8. A persistent authentication system across time, characterized in that, include: The data processing module is used to acquire current user interaction behavior data and construct current user interaction vectors in various dimensions based on the current user interaction behavior data. The local feature module is used to call the preset dimensional feature extraction models for each dimension and extract the interaction features of the currently used interaction vector for each dimension. The global feature module is used to fuse the interaction features of the current interaction vectors in each dimension to obtain the current fusion result, and call the preset global feature extraction model to extract the features of the current fusion result to obtain the current identity authentication features. The identity authentication module is used to call a preset identity authentication model to obtain the identity authentication result based on the currently used identity authentication features; The model update module is used to record the current user interaction behavior data and combine the recorded user interaction behavior data to perform periodic training of the preset dimensional feature extraction model and the preset global feature extraction model. The dimensional feature extraction model is trained with the goal of reducing the domain discriminability of the interaction features of the registration interaction vector and the interaction features of the usage interaction vector, while the global feature extraction model is trained with the goal of reducing the domain discriminability of the registration identity authentication features and the usage identity authentication features. The interaction features of the registration interaction vector and the registration identity authentication features are obtained based on the registration interaction behavior data, while the interaction features of the usage interaction vector and the usage identity authentication features are obtained based on the usage interaction behavior data.

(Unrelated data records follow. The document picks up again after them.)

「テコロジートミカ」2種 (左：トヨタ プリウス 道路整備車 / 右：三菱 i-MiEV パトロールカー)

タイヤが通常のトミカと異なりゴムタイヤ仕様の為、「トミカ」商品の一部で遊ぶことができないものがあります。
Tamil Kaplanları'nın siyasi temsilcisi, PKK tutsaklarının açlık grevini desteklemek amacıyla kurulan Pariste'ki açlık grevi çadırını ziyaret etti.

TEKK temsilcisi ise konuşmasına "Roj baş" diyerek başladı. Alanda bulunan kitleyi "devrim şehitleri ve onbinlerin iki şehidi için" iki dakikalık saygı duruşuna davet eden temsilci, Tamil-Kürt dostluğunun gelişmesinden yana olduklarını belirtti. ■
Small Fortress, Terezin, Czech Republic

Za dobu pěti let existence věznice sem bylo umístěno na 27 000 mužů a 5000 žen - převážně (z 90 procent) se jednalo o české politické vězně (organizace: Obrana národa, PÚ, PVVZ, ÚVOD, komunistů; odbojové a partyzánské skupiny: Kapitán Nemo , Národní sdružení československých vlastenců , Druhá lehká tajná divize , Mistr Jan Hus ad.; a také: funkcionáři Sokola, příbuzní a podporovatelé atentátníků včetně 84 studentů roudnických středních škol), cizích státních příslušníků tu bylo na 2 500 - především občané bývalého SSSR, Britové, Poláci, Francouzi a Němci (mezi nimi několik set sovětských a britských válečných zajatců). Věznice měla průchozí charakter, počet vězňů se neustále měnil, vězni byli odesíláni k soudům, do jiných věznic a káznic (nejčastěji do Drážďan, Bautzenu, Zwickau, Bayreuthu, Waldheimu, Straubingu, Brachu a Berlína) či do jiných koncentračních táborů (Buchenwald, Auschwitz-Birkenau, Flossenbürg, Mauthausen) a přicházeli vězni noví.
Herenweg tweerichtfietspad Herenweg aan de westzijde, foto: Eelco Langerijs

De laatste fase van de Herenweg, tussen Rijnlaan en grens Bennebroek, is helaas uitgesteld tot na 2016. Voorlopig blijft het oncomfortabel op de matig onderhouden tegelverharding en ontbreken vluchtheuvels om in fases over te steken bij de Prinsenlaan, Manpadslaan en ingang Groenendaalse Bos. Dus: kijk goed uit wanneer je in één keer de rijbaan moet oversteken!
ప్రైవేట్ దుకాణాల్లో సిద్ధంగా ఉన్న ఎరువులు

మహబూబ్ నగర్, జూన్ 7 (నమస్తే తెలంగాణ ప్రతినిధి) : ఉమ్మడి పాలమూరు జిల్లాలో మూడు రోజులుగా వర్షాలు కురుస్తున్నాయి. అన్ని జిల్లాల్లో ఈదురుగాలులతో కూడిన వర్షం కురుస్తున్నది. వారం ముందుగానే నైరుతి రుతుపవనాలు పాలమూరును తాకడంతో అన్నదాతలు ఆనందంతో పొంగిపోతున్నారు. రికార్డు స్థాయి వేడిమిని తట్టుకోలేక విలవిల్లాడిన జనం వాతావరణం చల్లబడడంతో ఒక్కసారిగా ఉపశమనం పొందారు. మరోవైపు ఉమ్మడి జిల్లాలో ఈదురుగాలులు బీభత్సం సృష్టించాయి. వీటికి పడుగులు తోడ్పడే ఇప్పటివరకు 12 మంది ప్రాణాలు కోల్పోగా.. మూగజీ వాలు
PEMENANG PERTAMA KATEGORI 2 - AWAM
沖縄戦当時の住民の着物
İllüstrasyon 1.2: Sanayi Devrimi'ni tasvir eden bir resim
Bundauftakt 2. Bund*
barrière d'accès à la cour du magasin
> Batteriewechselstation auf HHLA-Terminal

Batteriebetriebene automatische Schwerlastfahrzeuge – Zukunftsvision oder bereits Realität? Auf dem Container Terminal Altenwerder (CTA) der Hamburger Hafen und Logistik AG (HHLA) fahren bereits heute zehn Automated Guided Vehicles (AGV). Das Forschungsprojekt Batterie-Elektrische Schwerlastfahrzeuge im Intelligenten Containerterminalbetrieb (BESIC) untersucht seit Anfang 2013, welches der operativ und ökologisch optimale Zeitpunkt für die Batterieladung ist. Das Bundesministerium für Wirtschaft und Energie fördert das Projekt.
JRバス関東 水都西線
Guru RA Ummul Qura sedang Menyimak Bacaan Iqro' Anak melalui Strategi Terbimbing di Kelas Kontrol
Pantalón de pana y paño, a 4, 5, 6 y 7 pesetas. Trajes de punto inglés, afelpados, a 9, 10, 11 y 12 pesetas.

9. A computer device comprising a memory, a processor, and a computer program stored in the memory and executable on the processor, characterized in that, When the processor executes the computer program, it implements the steps of the time-based persistent authentication method as described in any one of claims 1 to 7.

10. A computer-readable storage medium storing a computer program, characterized in that, When the computer program is executed by a processor, it implements the steps of the time-based persistent authentication method as described in any one of claims 1 to 7.